On Wed, Jan 27, 2016 at 3:20 AM, Gert Doering <g...@greenie.muc.de
<mailto:g...@greenie.muc.de>> wrote:

    Hi,

    On Wed, Jan 27, 2016 at 10:14:18AM +0200, Samuli Seppänen wrote:
    > An added bonus is that openvpnserv2 is written in C#, which means it can
    > be developed on Linux using Mono, and the language choice probably helps
    > getting new contributions from people not fluent with C.

    I'm not totally convinced that "mixing in a new language" is a *bonus*
    (as it means that the core team won't be able to help unless also fluent
    with the other language).


Currently the service is a part of the openvpn repo, but there is no
reason to keep it thus.

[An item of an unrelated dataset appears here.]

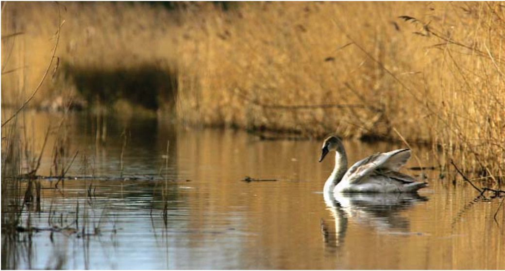
(ac isod) Gwarchodfa Glwyptiroedd Casnewydd

hwyaid sy'n gaeafu yma – gan gynnwys chwiwellod, hwyaid llosthain, hwyaid llydanbig, hwyaid copog a hwyaid llwydion – yn ogystal ag adar y bwn (bron i gant ohonynt), a chrëyr glas prin yn y corsleoedd.

In fact, once the interactive service is
available, in my view, it may not be even necessary to ship the original
service with the windows binary distribution. Only advanced users would
need the original service or its equivalent (openvpnserv2 or NSSM) usage
of which could be made available as documentation in the wiki pages.

This would be a novel idea. The service component has very few ties to OpenVPN, and is a very simple piece of software. I don't think it _needs_ to be in the main OpenVPN repo, either. Splitting the project into smaller chunks both code- and organization-vise has been beneficial in the past by allowing us to get more people onboard. Plus we've been able to optimize the development processes per subproject, so that the strict patch review regime in the main project has not slowed down the development of less critical components.

I have no idea how large a percentage of our users use the service. Probably the only way to _really_ find that out would be to deselect the service in the installer by default and see how loudly people scream. We could have a poll, but in my experience only a few people would answer, and we wouldn't be any better off. If most people would be basically ok without the service, we could still provide it as a separate download on the official download pages. That said, I have no strong opinions one way or the other.


    Given that services run with maximum privileges, strong review is as
    important there as for core openvpn...

    If the only reason why everyone is disliking the old openvpnserv is
    "it is not restarting openvpn.exe when it breaks" - *that* should be
    fairly easy to add.  So, what is that people consider "broken"?


Although it is called a service, it only works like a one time task or
an rc script. However, unlike a startup script, it does not terminate
after spawning openvpn.exe processes, giving it the appearance of a
service. It does not keep track of the spawned processes, has no way of
knowing any of the processes stopped or crashed, has no way of editing
one config and then restart only that connection leaving others up etc.

I believe openvpnserv2 - or rather the more generic MS code upon which it builds - can monitor the individual processes and restart them as necessary. So it definitely a more complete solution than what openvpnserv.exe provides.

Having said that, on the only windows 10 machine I have, the original
service works the same way as on Windows 7. Early reports of "not
working on windows 10" might have had more to do with unrelated TAP6 issues.

Quite likely. Also some issues seem to have been related to specific problematic Windows 10 builds.